### What to work on
Both the line below containing "DYMO-etikettskrivare för skrivbordet" and the line containing "3、烤盤中鋪上油紙,倒入蛋糕", along with every line between them, should be repeated exactly; no other line belongs in the answer.

### Entries shown

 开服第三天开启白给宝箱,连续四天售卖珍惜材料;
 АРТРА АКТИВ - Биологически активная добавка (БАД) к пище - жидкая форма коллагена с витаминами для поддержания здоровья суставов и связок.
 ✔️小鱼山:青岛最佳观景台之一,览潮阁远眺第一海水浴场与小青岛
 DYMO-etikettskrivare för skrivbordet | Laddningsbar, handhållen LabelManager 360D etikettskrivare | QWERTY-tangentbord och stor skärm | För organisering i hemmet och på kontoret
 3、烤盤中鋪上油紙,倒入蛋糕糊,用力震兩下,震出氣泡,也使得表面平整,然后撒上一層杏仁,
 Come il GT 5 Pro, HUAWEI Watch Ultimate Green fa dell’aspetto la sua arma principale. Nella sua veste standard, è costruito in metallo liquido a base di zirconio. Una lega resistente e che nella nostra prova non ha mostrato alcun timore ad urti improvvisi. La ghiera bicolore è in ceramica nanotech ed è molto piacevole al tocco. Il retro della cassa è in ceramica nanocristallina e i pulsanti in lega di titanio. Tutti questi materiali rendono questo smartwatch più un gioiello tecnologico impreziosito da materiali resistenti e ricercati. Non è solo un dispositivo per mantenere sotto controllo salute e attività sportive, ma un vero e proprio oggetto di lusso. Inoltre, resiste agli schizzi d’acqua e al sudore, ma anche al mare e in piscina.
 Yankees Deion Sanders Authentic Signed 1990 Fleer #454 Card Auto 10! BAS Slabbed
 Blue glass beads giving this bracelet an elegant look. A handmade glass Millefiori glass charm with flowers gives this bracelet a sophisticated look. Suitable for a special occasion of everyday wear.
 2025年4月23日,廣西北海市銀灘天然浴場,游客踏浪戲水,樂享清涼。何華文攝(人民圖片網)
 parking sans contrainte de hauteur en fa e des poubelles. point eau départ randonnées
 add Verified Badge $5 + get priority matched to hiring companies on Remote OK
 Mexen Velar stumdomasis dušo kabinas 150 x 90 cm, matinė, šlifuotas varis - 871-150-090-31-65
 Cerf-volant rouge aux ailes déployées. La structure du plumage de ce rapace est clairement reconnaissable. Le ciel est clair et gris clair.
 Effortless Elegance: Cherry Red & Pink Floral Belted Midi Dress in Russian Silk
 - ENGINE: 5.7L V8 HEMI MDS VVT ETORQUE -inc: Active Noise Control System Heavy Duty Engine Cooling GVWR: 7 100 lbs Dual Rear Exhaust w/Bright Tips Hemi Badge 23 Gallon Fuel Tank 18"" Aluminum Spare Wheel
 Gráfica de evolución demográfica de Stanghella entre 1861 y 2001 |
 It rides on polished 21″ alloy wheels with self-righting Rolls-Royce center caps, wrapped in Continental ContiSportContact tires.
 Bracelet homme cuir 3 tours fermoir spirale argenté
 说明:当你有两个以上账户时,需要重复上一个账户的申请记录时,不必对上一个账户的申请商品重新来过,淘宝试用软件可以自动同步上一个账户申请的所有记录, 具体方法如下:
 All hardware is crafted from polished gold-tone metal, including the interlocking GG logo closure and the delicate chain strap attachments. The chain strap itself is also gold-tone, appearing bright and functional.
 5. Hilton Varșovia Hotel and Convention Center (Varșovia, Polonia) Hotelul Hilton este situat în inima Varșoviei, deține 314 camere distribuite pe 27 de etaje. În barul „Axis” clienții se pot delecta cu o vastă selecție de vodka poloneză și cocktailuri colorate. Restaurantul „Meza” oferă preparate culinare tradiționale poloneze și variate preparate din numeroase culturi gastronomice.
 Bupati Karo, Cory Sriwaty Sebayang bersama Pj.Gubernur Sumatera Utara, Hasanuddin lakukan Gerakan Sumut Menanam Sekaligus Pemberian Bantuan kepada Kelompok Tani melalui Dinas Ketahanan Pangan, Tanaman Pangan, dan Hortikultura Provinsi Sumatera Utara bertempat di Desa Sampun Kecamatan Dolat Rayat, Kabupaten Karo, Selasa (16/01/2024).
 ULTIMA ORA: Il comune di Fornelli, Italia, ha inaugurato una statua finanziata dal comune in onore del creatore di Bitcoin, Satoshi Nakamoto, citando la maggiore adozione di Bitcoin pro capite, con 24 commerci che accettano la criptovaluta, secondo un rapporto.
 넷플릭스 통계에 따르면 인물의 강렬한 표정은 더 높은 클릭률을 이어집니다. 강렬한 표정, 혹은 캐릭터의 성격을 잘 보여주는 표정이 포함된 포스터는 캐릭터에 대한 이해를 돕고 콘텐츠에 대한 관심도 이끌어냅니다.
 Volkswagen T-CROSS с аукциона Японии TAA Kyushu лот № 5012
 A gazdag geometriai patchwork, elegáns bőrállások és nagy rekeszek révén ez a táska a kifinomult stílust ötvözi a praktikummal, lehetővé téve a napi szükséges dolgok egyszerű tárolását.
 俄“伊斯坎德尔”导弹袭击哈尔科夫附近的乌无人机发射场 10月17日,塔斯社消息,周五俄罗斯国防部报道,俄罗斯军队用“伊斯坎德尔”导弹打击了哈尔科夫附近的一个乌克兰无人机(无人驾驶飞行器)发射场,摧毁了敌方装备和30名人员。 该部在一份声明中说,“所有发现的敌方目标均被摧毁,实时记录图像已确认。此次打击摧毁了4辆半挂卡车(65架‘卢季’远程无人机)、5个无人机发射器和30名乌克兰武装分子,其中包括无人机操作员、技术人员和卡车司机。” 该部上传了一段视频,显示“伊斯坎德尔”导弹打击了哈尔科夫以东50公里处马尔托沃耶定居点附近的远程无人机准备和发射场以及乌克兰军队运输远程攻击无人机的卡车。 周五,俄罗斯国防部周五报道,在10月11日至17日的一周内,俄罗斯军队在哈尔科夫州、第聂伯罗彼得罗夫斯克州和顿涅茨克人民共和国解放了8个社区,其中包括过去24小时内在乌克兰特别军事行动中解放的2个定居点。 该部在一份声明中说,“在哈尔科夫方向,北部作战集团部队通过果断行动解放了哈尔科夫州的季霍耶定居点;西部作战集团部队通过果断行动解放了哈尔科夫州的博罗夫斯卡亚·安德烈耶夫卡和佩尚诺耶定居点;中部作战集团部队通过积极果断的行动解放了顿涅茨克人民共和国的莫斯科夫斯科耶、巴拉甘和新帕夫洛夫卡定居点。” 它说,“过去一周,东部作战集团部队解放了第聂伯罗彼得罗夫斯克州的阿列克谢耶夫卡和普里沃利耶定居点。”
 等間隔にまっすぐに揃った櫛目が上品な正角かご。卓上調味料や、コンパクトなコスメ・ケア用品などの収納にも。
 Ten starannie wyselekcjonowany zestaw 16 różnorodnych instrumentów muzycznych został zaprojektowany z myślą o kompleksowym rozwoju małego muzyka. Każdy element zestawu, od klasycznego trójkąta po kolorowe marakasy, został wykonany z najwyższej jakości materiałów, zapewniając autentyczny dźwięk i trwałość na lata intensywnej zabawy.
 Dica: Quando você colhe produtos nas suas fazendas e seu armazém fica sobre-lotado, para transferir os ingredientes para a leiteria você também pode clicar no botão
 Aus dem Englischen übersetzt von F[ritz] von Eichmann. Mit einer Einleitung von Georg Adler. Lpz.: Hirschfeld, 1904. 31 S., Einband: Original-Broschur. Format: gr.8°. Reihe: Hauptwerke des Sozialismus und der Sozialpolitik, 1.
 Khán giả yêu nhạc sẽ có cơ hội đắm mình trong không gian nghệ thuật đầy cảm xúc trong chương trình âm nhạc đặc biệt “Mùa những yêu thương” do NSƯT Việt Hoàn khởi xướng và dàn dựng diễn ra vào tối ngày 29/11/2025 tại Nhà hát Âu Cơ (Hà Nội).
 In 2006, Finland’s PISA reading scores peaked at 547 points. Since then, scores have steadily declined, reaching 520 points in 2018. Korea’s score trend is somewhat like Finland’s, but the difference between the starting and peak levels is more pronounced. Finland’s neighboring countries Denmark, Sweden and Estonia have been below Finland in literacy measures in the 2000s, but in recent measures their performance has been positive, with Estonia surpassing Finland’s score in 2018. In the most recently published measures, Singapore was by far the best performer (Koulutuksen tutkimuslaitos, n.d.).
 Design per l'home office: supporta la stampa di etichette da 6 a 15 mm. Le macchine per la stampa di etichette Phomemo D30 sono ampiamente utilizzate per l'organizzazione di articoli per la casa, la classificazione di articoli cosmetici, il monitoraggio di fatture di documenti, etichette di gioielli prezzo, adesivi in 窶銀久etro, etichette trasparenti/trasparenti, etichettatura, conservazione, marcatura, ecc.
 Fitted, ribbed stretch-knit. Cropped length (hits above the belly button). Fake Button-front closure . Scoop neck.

######

### Solution to the problem
 DYMO-etikettskrivare för skrivbordet | Laddningsbar, handhållen LabelManager 360D etikettskrivare | QWERTY-tangentbord och stor skärm | För organisering i hemmet och på kontoret
 3、烤盤中鋪上油紙,倒入蛋糕糊,用力震兩下,震出氣泡,也使得表面平整,然后撒上一層杏仁,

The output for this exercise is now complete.